**To do**
Among the entries below, only the lines from the one with "65 års jubilar" through the one with "როგორ დავაგრძელოთ მშენებლობა? როგორ" are to be retyped, exactly and without pictures.

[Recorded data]
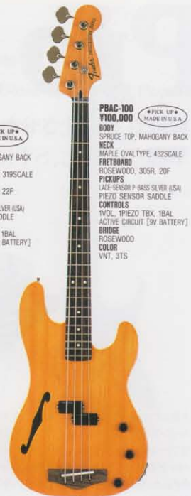
COLOR = VNT

TLCC-100 ¥100,000 (PICK UP*) MADE IN U.S.A. BODY SPRUCE TOP, MAHOGANY BACK NECK MAPLE OVALTYPE, 31.9SCALE FRETBOARD ROSEWOOD, 30.5R, 22F PICKUPS LACE-SENSOR BURTON SILVER (USA) PIEZO SENSOR SADDLE CONTROLS TVOL, TPIEZO TBX, 18AL ACTIVE CIRCUIT [9V BATTERY] BRIDGE ROSEWOOD COLOR VNT, 3TS
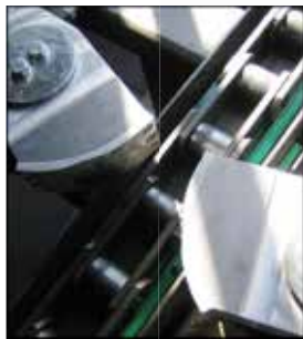
Kettenlift mit geräuscharmen Rücklaufklemmen Chain lift drive with silent anti-rollback grip
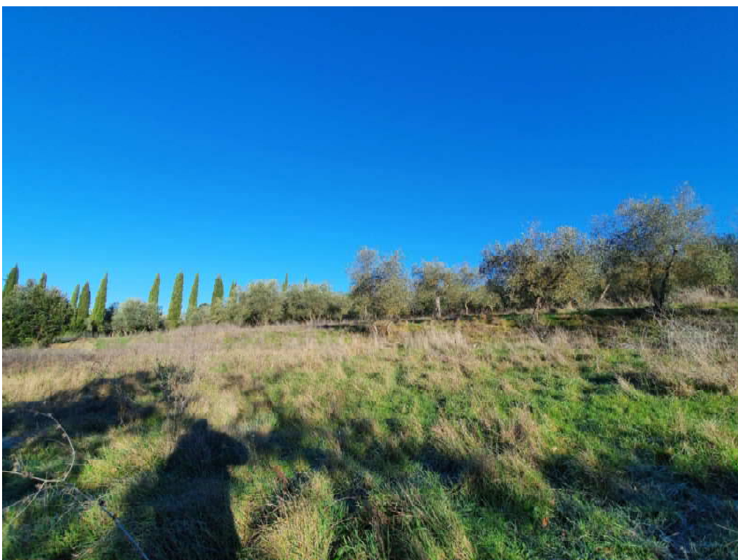
FOTO 46 – Ripresa fotografica terreni a monte del campo di allenamento cavalli
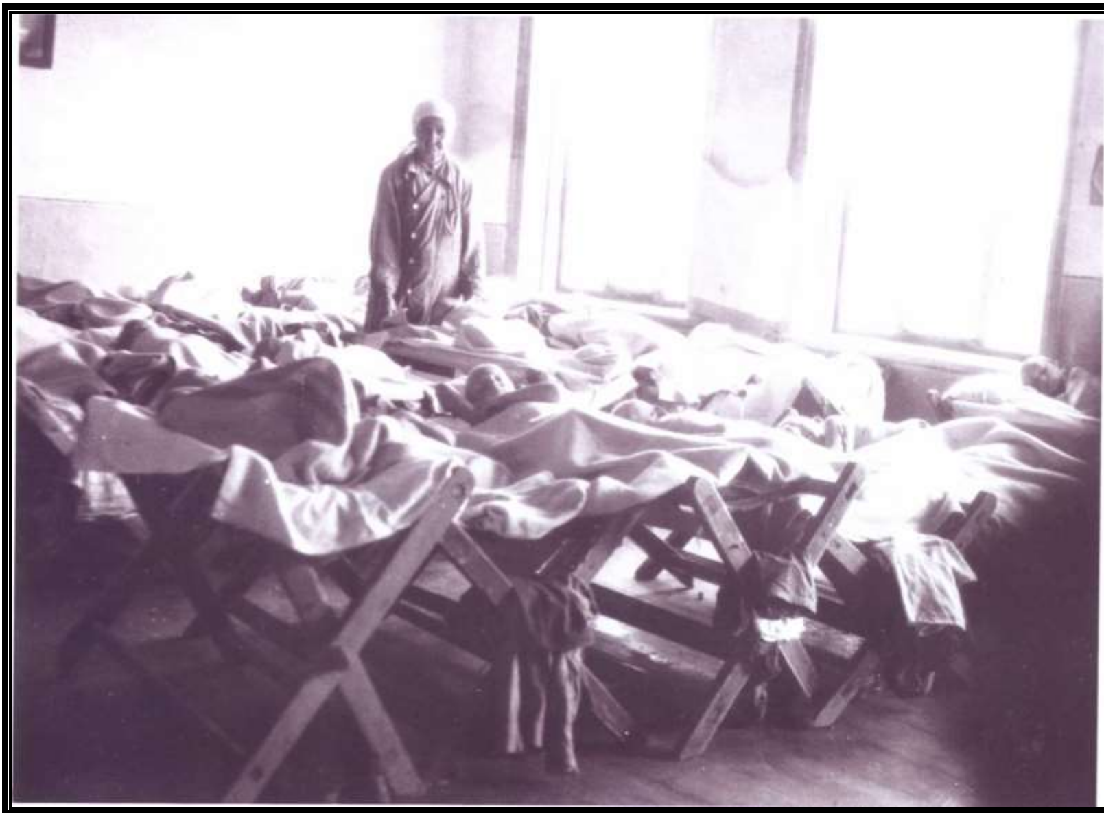
Спальня на раскладушках 1952 год
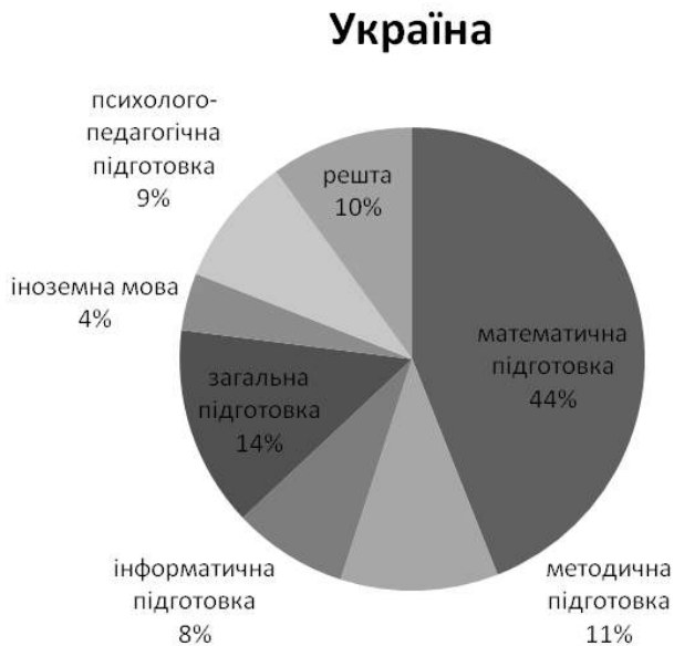
Рис. 3. Розподіл предметів у навчальному плані підготовки вчителя математики у Національному педагогічному університеті імені М. П. Драгоманова
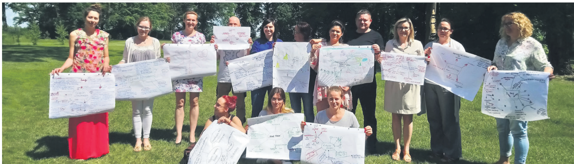
▲ Uczestnicy warsztatów „Akademia Umiejętności Animatora Lokalnej Grupy Działania”
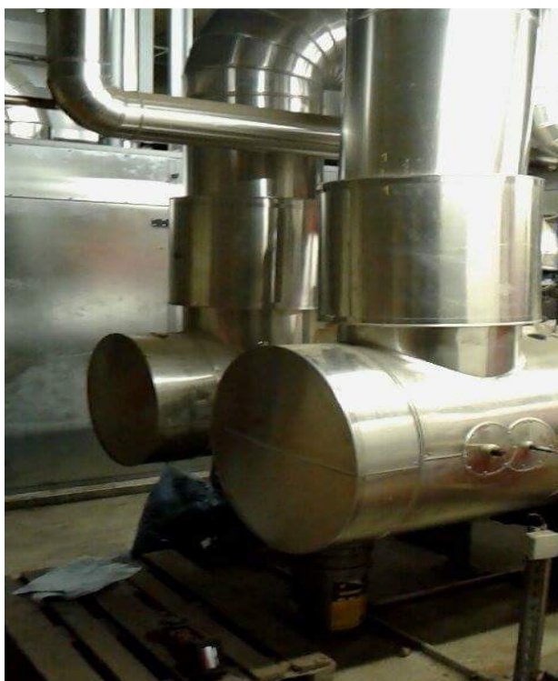
Slika 18. Kotlovnica

Gartenbau Wallner svoje staklenike zagrijava sistemom na zemni plin. Ovaj sustav se sastoji od kotlovnice (Slika 18) u kojoj se nalazi sva potrebna oprema da bi ovaj sustav pravilno funkcionirao te od popratnih izoliranih kotlova (Slika 19) u kojima se skladišti zagrijana voda. Visokotlačnim pumpama voda se odvodi do cijevi (Slika 20) koje su položene između stolova i na bočne strane staklenika.
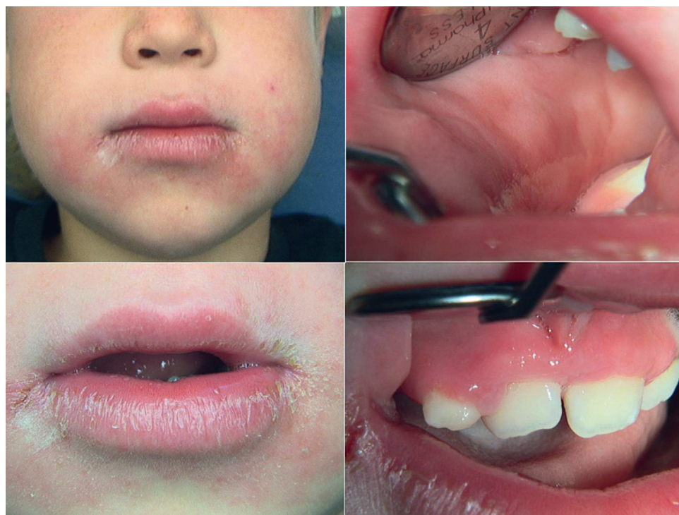
Figur 1. 8-årig pojke som sedan flera år har haft astmatiska besvär. Sedan två månader har han även besvär i form av peri- och intraorala svullnader. Extraoralt noterades svullnad av kinderna och underläppen samt munvinkelragader. Intraoralt uppvisade patienten bilateralt en ödematös svullnad i kind-slemhinnan med tendens till lobulering och fissurering samt gingivala erytem och hyperplasier. Biopsier togs från kindslemhinna, läpp och gingiva och i samtliga lokalisationer noterades epiteloidcellig granulomatos. Patienten erhöll diagnosen OFG och remitterades till barnmedicinsk klinik för fortsatt utredning.

»Biopsin är värdefull vid diagnostik av OFG.«
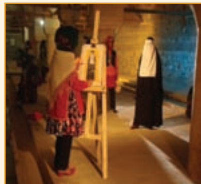
شکل ۴-۳- نمونه ای از لباس های محلی استان
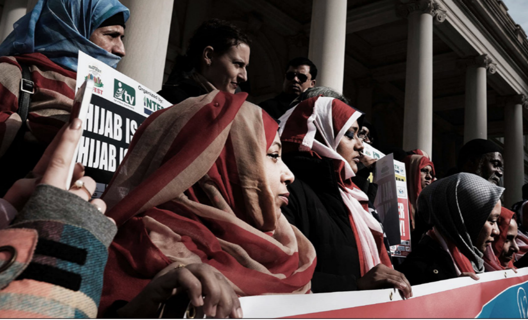
مسلمات خلال إحدى التظاهرات في أمريكا

تدافع عدد كبير من الناخبين المسلمين والعرب إلى صناديق الاقتراع في الانتخابات النصفية في حين شهد المشهد السياسي الأمريكي زيادة غير متوقعة في عدد المرشحين المسلمين الأمريكيين في الانتخابات النصفية، التي ينظر إليها على أنها اختبار لسياسات الرئيس الأمريكي، دونالد ترامب المثيرة للجدل من المواقف المعادية للهجرة إلى الأجنحة السياسية الخارجية، وتنافس ما يقارب من 100 مرشح مسلم، أي ستة أضعاف مما كانوا عليه في انتخابات عام 2016، على مقاعد مهمة في وقت ازداد فيه الخوف من الإسلام بشكل كبير في ظل رئاسة ترامب، التي دعت إلى حظر السفر من بعض الدول الإسلامية للولايات المتحدة.
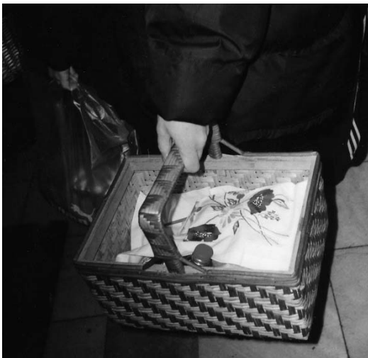
Сл. 3 Ношење Славског колача у цркву, Чачак, Јовањдан, 20. 1. 2004. године
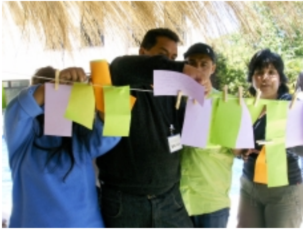
Las dinámicas dentro del curso: preparando la línea de los DDHH
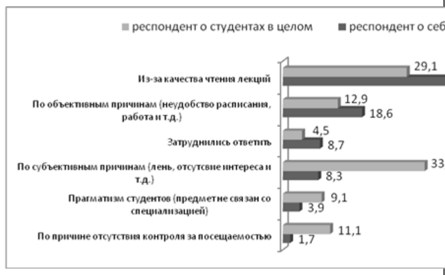
Рис. 2. Причины пропуска лекций, %.

1) Какие инновационные технологии образования наиболее приемлемы при проведении лекционных занятий? 2) Будут ли студенты стараться не пропускать лекции, если посещаемость станет влиять на итоговую оценку по предмету? 3) Какие технические средства и как часто используются лекторами? Влияет ли это на посещение занятий?
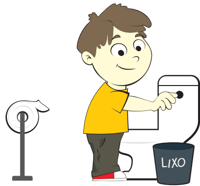
Dar a descarga no vaso sanitário
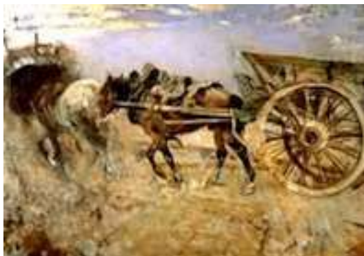
Boldini , Cavalli al tombarello (tombereau), 1885-Firenze Palazzo Pitti.
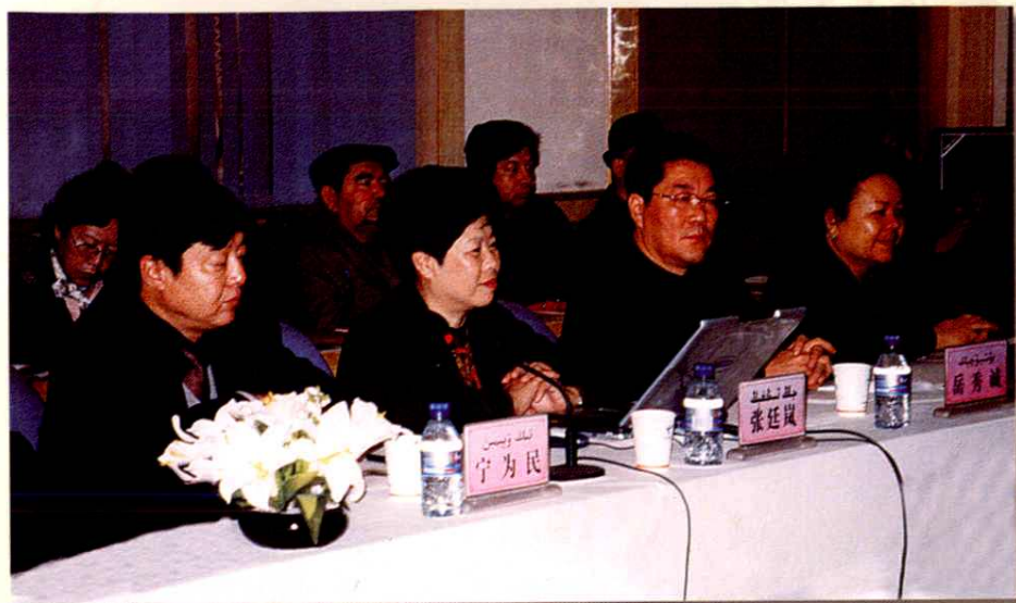
地区人口与计划生育目标管理考核组考核阿克苏市
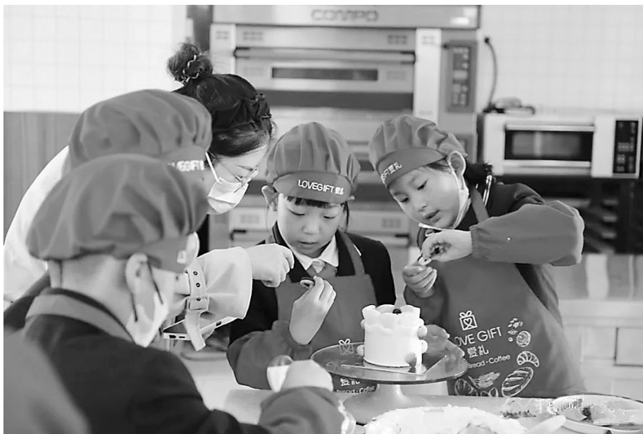
烘焙老师教学生们制作蛋糕，让他们体验食物的来之不易。

焦家湾东社区还举办了“厉行节约，反对浪费”宣传和签名承诺活动。志愿者走上街头，向辖区民众发放宣传资料，号召大家珍惜粮食，践行“光盘行动”，争做文明用餐、节俭消费的倡导者、践行者和示范者。活动不仅吸引了来往的行人和周边商户，也吸引了众多小学生。在以“光盘行动”为主题的手工黏土活动中，工作人员详细介绍黏土的制作方法和制作要点，居民通过揉、搓、捏等步骤完成了一幅幅作品，大家在手工作品上写下了自己的名字和对“光盘行动”的寄语。
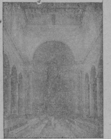
Vista del ábside y del conjunto que ofrece en el fondo de la nueva iglesia.
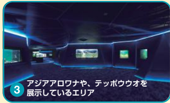
3 アジアアロワナや、テッポウオを展示しているエリア
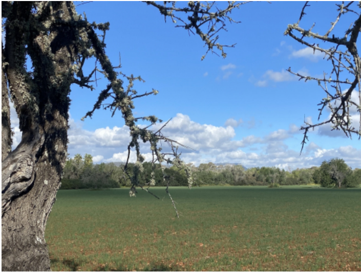
Grundstück mit Blick auf Randa
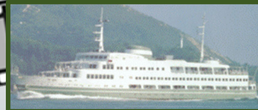
姉妹船 2代目むらさき丸(昭和35年)
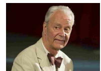
E' morto Paolo Poli, artista colto e libero - Toscana
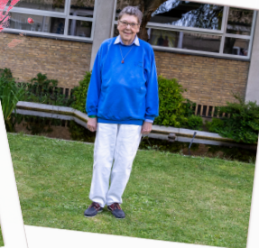
65 års jubilar
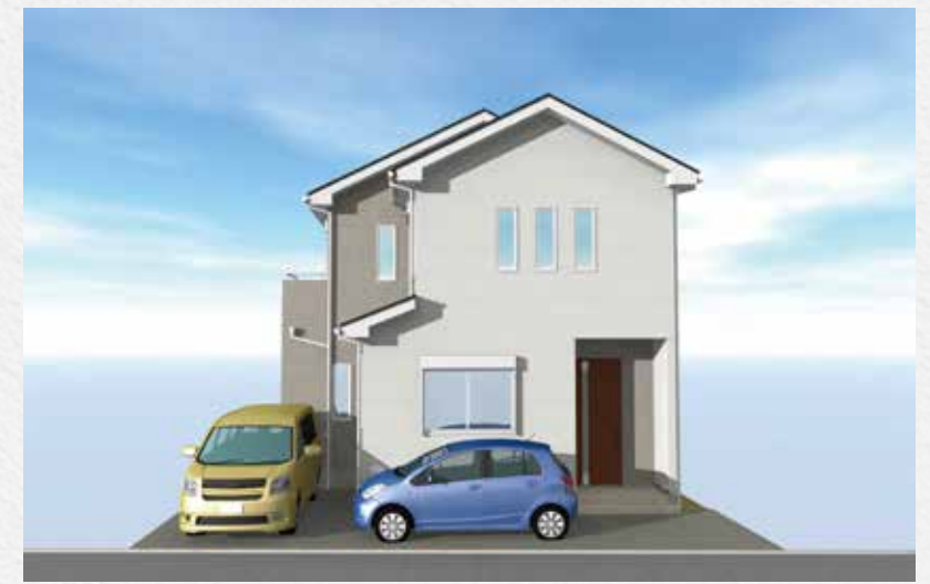
※イメージパースにつき実際とは異なる場合がございます。
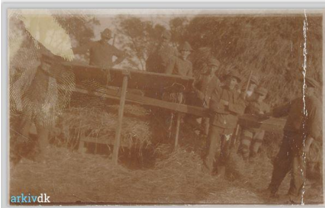
Vitvedgård 1920. Fra Arkiv.dk

Omrejsende damptærsker på besøg på Vitvedgaard til tærskning af hæs. Personerne er ukendte
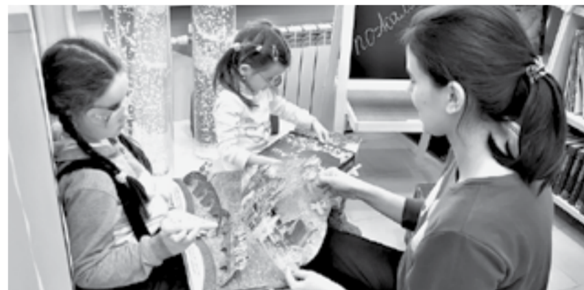
В новой комнате для детей.
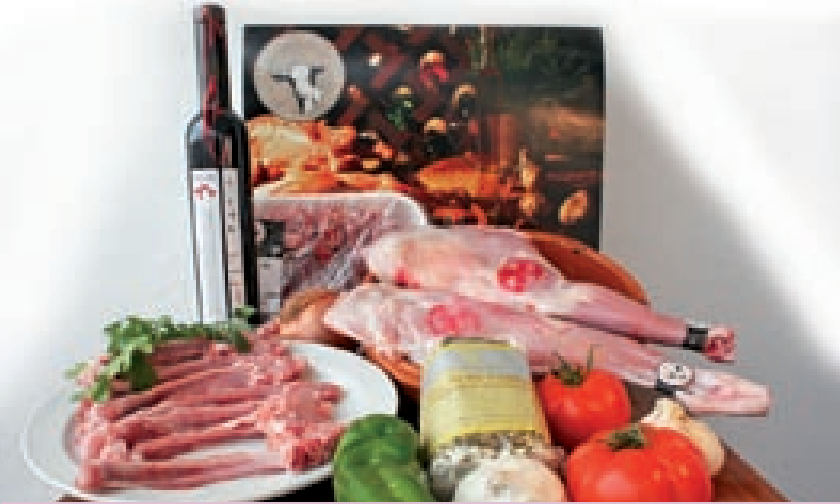
Comercialización de productos de la cabra de raza Malagueña.

2%; otras utilizan la media de los últimos 3 años y otras no han impuesto ningún límite. En los casos en que existe límite, si el ganadero sobrepasa el margen impuesto se le penaliza bajándole el precio del litro de leche.
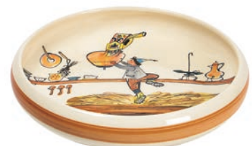
Kinderteller Ursli holt Glocke Ø 18 cm hoher Rand 39513
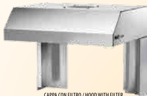
CAPPA CON FILTRO / HOOD WITH FILTER
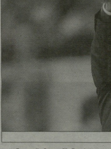
სოსტ გვარდოლა მჭირი მჭირი და კიდევ უნდა მოუფალოს...

როგორ დავაგრძელოთ მშენებლობა? როგორ დავაგრძელოთ მშენებლობა?
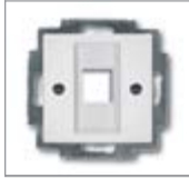
Накладка с металлической монтажной пластиной Для модульного разъема 1 м Подходит для арт. № 0210, 0211 и 0219-101 Без лапок
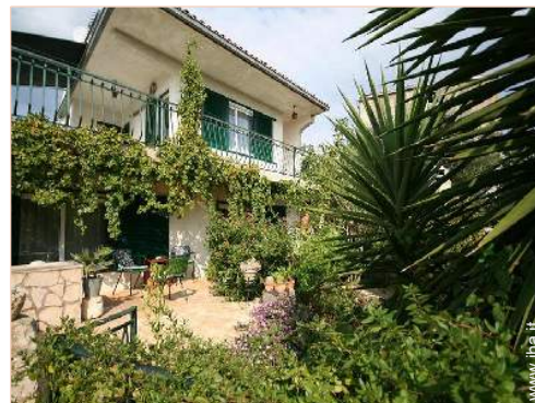
Casa di Charme
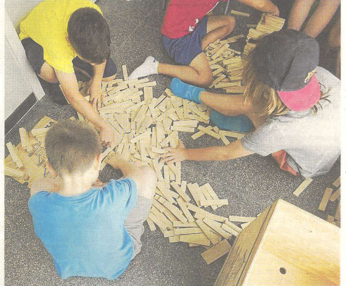
El joc és una part important de l'educació.
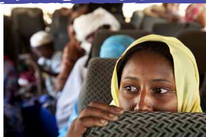
Albert Gonzalez Farran/Sudão/2011

São consideradas refugiadas as pessoas que saíram de seu país de origem por medo justificado de serem perseguidas por motivos de raça, religião, nacionalidade, opinião política ou participação em grupos sociais, e que, por isso, não possam (ou não queiram) voltar para casa, ou aquelas que foram obrigadas a deixar seu país devido a conflitos armados, violência generalizada e violação massiva dos direitos humanos. Segundo o Alto Comissariado das Nações Unidas para os Refugiados (ACNUR), em 2010, existiam 15,4 milhões de pessoas nessa situação no mundo todo. Em Darfur, no país africano do Sudão, estima-se que, desde 2003, um conflito étnico e por terras férteis matou mais de 300 mil pessoas e resultou em mais de 2,7 milhões de refugiados. Essas pessoas têm migrado para países vizinhos, como Chade, Uganda, Quênia e Egito, ou vão para campos de refugiados no próprio país, onde vivem em condições bastante precárias.
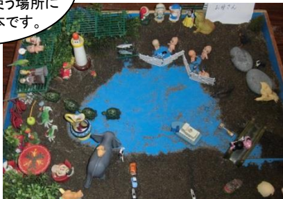
↑「やってみよう！箱庭」では、親子で箱庭づくりに挑戦してもらいました。

まず物を全部出してみても過去1年間使っていないものは処分。使う物は使う場所にしまうのが基本です。

**Answer to this task**
65 års jubilar
※イメージパースにつき実際とは異なる場合がございます。
Vitvedgård 1920. Fra Arkiv.dk

Omrejsende damptærsker på besøg på Vitvedgaard til tærskning af hæs. Personerne er ukendte
В новой комнате для детей.
Comercialización de productos de la cabra de raza Malagueña.

2%; otras utilizan la media de los últimos 3 años y otras no han impuesto ningún límite. En los casos en que existe límite, si el ganadero sobrepasa el margen impuesto se le penaliza bajándole el precio del litro de leche.
Kinderteller Ursli holt Glocke Ø 18 cm hoher Rand 39513
CAPPA CON FILTRO / HOOD WITH FILTER
სოსტ გვარდოლა მჭირი მჭირი და კიდევ უნდა მოუფალოს...

როგორ დავაგრძელოთ მშენებლობა? როგორ დავაგრძელოთ მშენებლობა?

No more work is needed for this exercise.